### WHAT IS REQUIRED
Only the pictures are to be left out; please reproduce everything else in the data exactly.
........
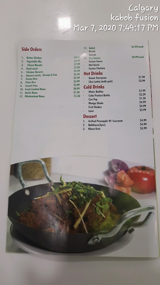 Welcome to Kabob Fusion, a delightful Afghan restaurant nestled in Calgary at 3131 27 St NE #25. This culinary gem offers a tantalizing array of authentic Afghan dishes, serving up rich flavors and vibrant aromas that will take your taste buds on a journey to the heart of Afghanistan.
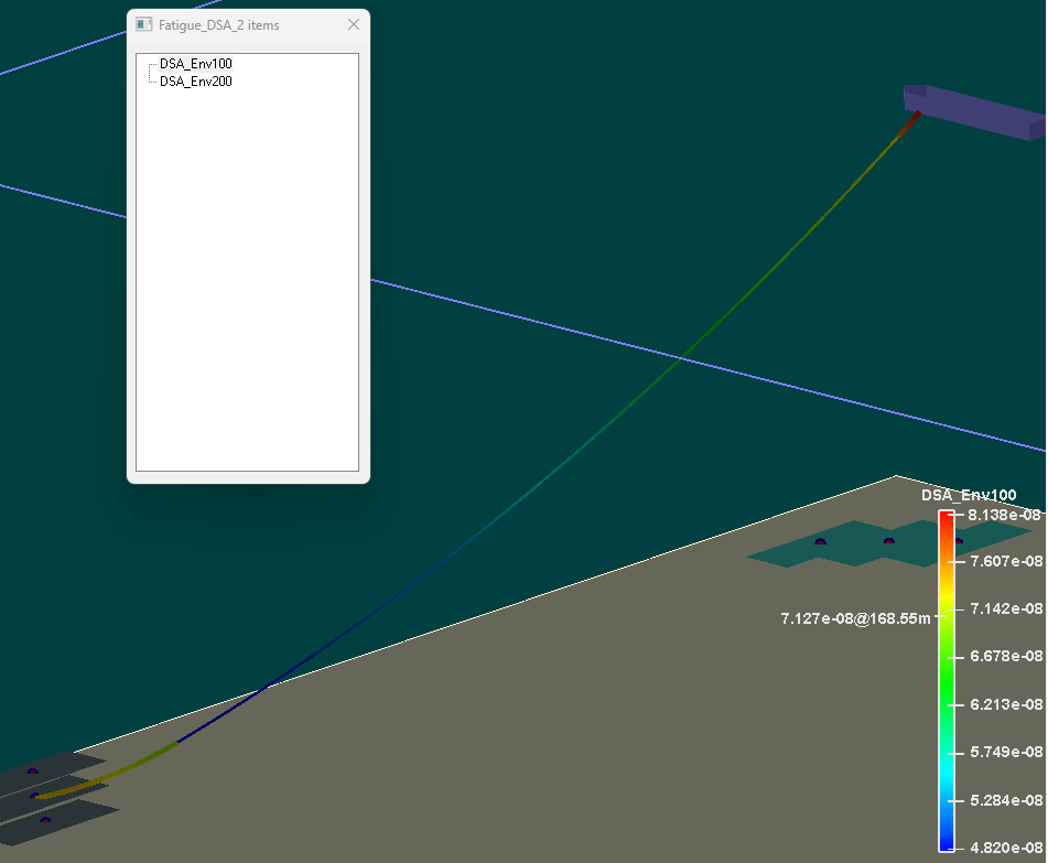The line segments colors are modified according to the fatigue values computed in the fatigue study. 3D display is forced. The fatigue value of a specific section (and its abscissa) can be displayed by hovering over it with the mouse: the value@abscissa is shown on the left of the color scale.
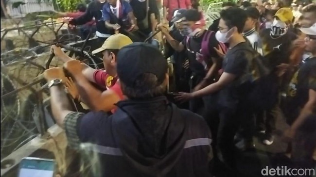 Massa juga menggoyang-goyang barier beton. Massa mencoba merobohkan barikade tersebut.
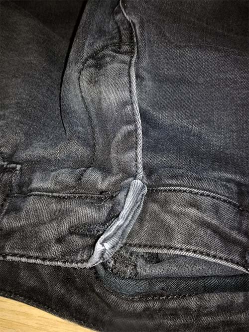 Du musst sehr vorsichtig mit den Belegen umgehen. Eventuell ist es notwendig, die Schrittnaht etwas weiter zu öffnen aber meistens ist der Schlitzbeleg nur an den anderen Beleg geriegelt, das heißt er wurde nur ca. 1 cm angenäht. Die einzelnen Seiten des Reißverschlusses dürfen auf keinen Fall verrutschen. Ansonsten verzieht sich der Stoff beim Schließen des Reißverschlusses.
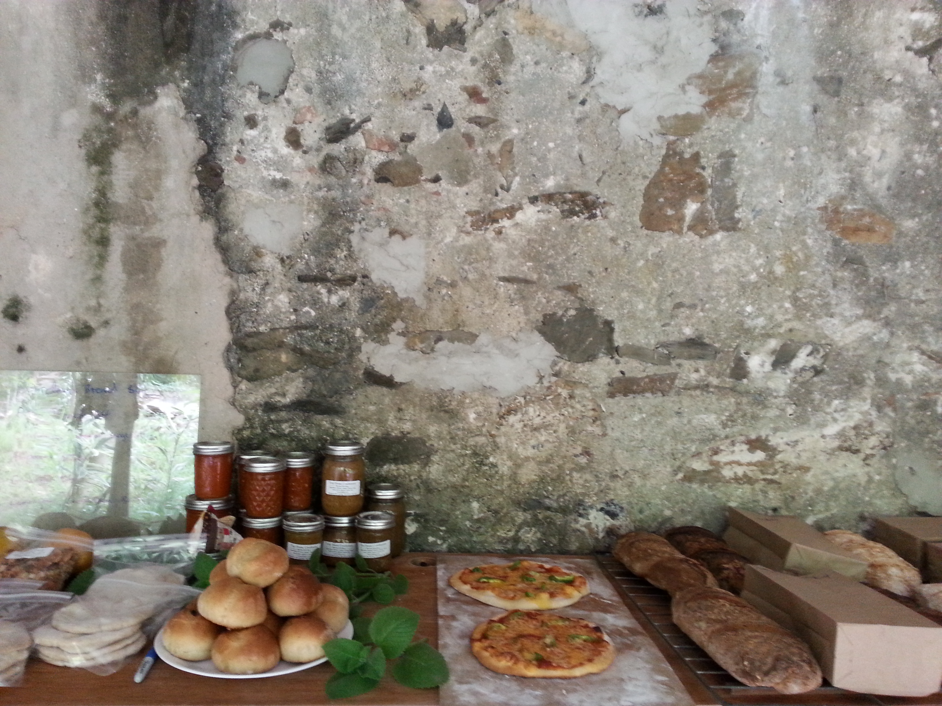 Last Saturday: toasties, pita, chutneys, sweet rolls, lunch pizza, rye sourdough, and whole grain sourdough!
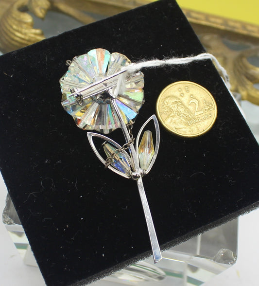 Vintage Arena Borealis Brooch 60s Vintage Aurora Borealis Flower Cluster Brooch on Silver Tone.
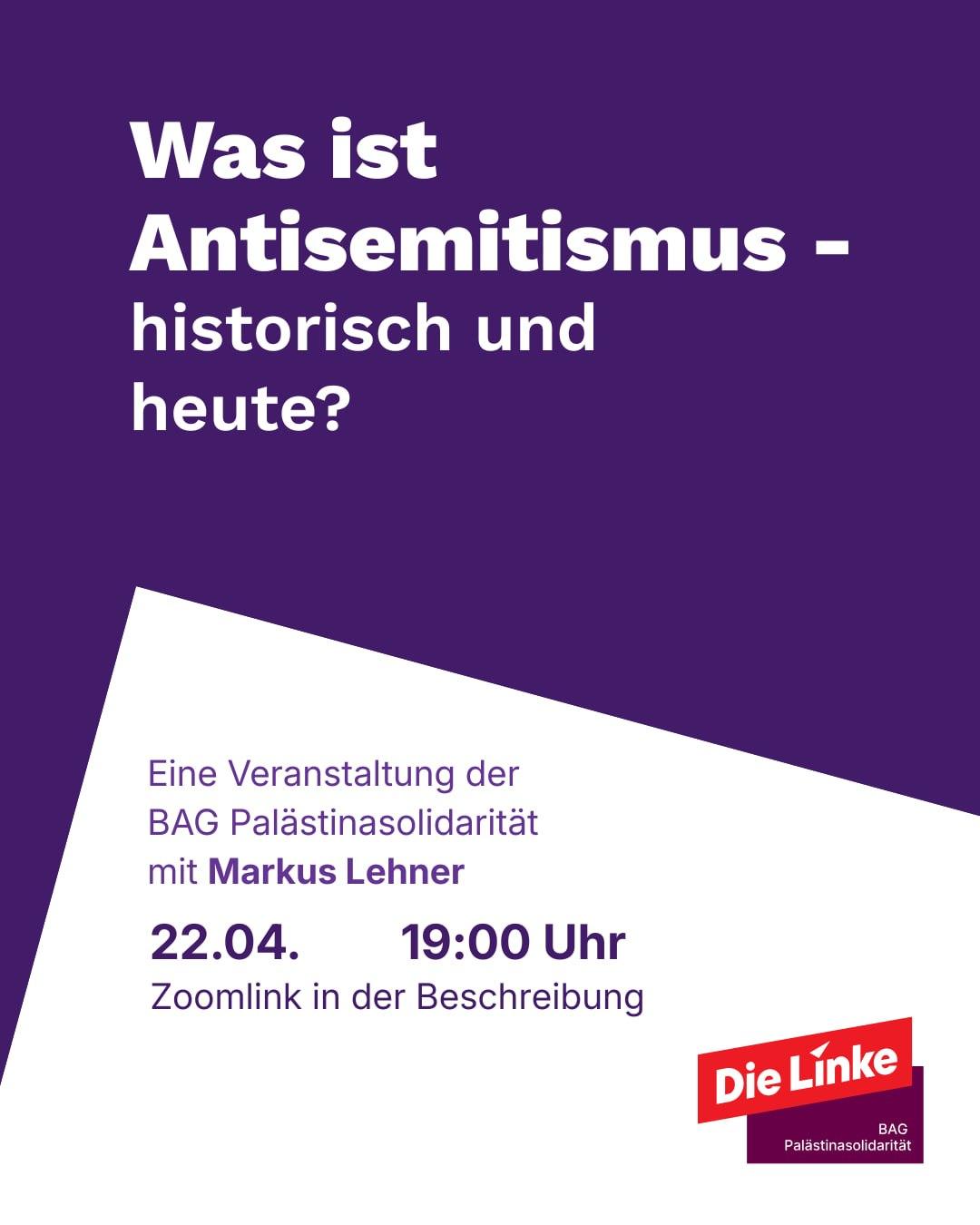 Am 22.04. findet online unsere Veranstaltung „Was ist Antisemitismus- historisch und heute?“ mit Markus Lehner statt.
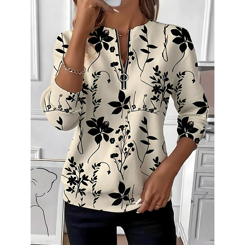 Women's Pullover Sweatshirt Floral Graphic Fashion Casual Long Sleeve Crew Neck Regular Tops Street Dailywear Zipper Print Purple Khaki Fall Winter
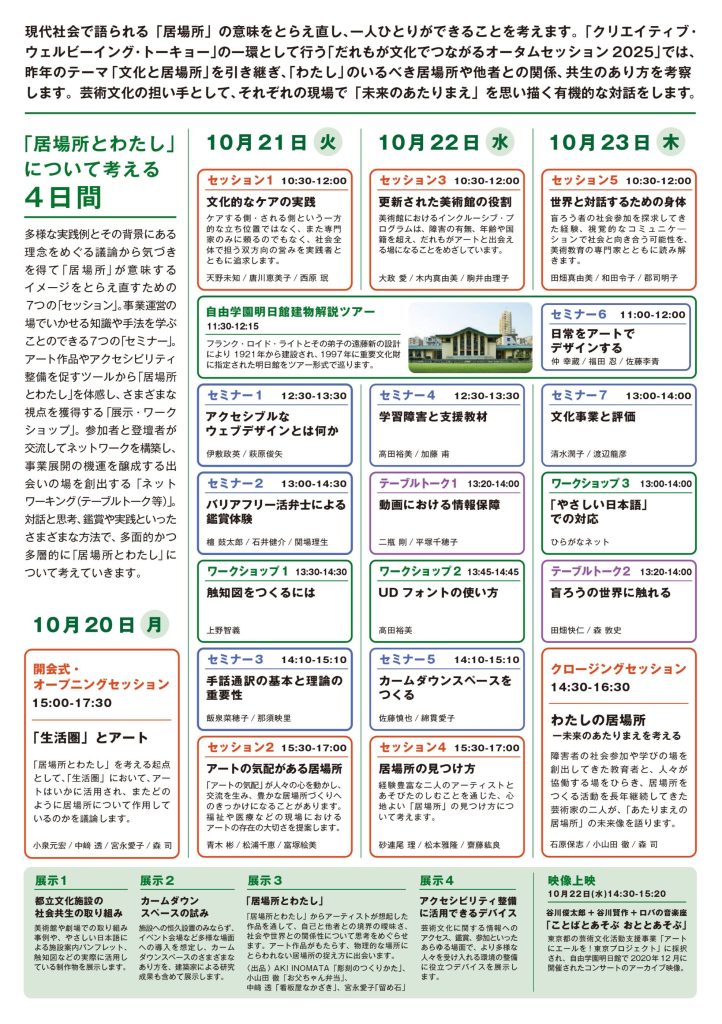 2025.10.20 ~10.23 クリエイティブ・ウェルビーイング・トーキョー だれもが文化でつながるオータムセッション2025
........
### WRITTEN RESPONSE
 Welcome to Kabob Fusion, a delightful Afghan restaurant nestled in Calgary at 3131 27 St NE #25. This culinary gem offers a tantalizing array of authentic Afghan dishes, serving up rich flavors and vibrant aromas that will take your taste buds on a journey to the heart of Afghanistan.
The line segments colors are modified according to the fatigue values computed in the fatigue study. 3D display is forced. The fatigue value of a specific section (and its abscissa) can be displayed by hovering over it with the mouse: the value@abscissa is shown on the left of the color scale.
 Massa juga menggoyang-goyang barier beton. Massa mencoba merobohkan barikade tersebut.
 Du musst sehr vorsichtig mit den Belegen umgehen. Eventuell ist es notwendig, die Schrittnaht etwas weiter zu öffnen aber meistens ist der Schlitzbeleg nur an den anderen Beleg geriegelt, das heißt er wurde nur ca. 1 cm angenäht. Die einzelnen Seiten des Reißverschlusses dürfen auf keinen Fall verrutschen. Ansonsten verzieht sich der Stoff beim Schließen des Reißverschlusses.
 Last Saturday: toasties, pita, chutneys, sweet rolls, lunch pizza, rye sourdough, and whole grain sourdough!
 Vintage Arena Borealis Brooch 60s Vintage Aurora Borealis Flower Cluster Brooch on Silver Tone.
 Am 22.04. findet online unsere Veranstaltung „Was ist Antisemitismus- historisch und heute?“ mit Markus Lehner statt.
 Women's Pullover Sweatshirt Floral Graphic Fashion Casual Long Sleeve Crew Neck Regular Tops Street Dailywear Zipper Print Purple Khaki Fall Winter
 2025.10.20 ~10.23 クリエイティブ・ウェルビーイング・トーキョー だれもが文化でつながるオータムセッション2025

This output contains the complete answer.